Carlos Vela Scores His First Goal for West Brom

The on-loan striker makes a lasting impression for both of his clubs.


Carlos Vela scored his first goal for West Brom in stoppage time to mark a dramatic 1—1 finish to the first Barclays Premier League Black Country derby on the 157th occasion.

Arguably considered the best derby on the planet, there is no better way to endear yourself to a new club and new manager than in the midst of a relegation battle with a local rival. This is the kind of contribution that Vela has lacked in his time at Arsenal. Most of his Arsenal goals have come as a late substitute once the match has been decided.

What could be equally valuable for the tender striker was the confidence in his play leading up to the goal.  There is no question that Vela is a technically gifted player with pace and an incredible left foot. Unfortunately, for all the skill and talent, there are indications that he is somewhat of an airhead. He missed last year’s Champions league away game at Barcelona because he lost his passport. It’s hard to say whether or not he misplaced it just before leaving town or had no idea where it was and waited until the last minute to search for it. Either way, Vela had learned his lesson. Before the World Cup, he revealed that he now took his passport to bed with him.

For every time he chips the goalkeeper, there is a missed opportunity requiring less expertise. At times he thinks too slowly or refuses to use his right foot. For stretches of a game he will be peripheral, as if the game itself was an unknown language, but then without notice he will do something incisive and exquisite.

There is something precious in his play, the gears must be perfectly aligned and greased for him to function at his best. He seems to be reluctant to amend himself to the circumstances of an opportunity, instead trying to change the terms to meet his preferences. If this isn’t attributable to the type of player he is, then it could be the overbearing influence of a precious Arsenal attack.

Five minutes in his substitution and with West Brom pressing, Vela, lined up wide left, received a cross field pass. He brought the ball to his feet while cutting inside to his right and took a hard shot with his right foot from the edge of the penalty box. When did Vela ever do this with Arsenal? In the identical situation, he would have looked for a pass before considering the shot.

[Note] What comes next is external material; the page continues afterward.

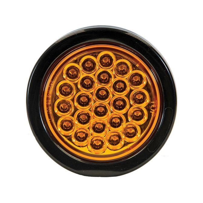• Buyers Products 4 Inch Round LED Recessed Strobe Light has 24 LEDs and is SAE J595 Class 2 rated. It features 12-24V power range and has an impact-resistant plastic housing. A grommet and PL-3 plug are included for installation. The light is available with a six-flash or quad flash strobe pattern. The quad flash strobe also has alternating and synchronous functions. Lights are rated IP67 for water and dust resistance and are backed with a 5 year warranty.

His equalizer off the goalkeeper's rebound was a further refutation of the criticism. His reaction was quick and he adjusted to the circumstances by taking it first time with his right foot. Throughout his cameo, he looked a different player.

Brought in by the offensive-minded Roberto Di Mateo who was soon replaced by a more cautious Roy Hodgson, it is difficult to see how much playing time he will receive over these six months. But valuable experience can be accumulated from brief moments just as it can through extended immersion and repetition. The confidence and desire to impress himself on a game is something he can take back to Arsenal and share with his colleagues.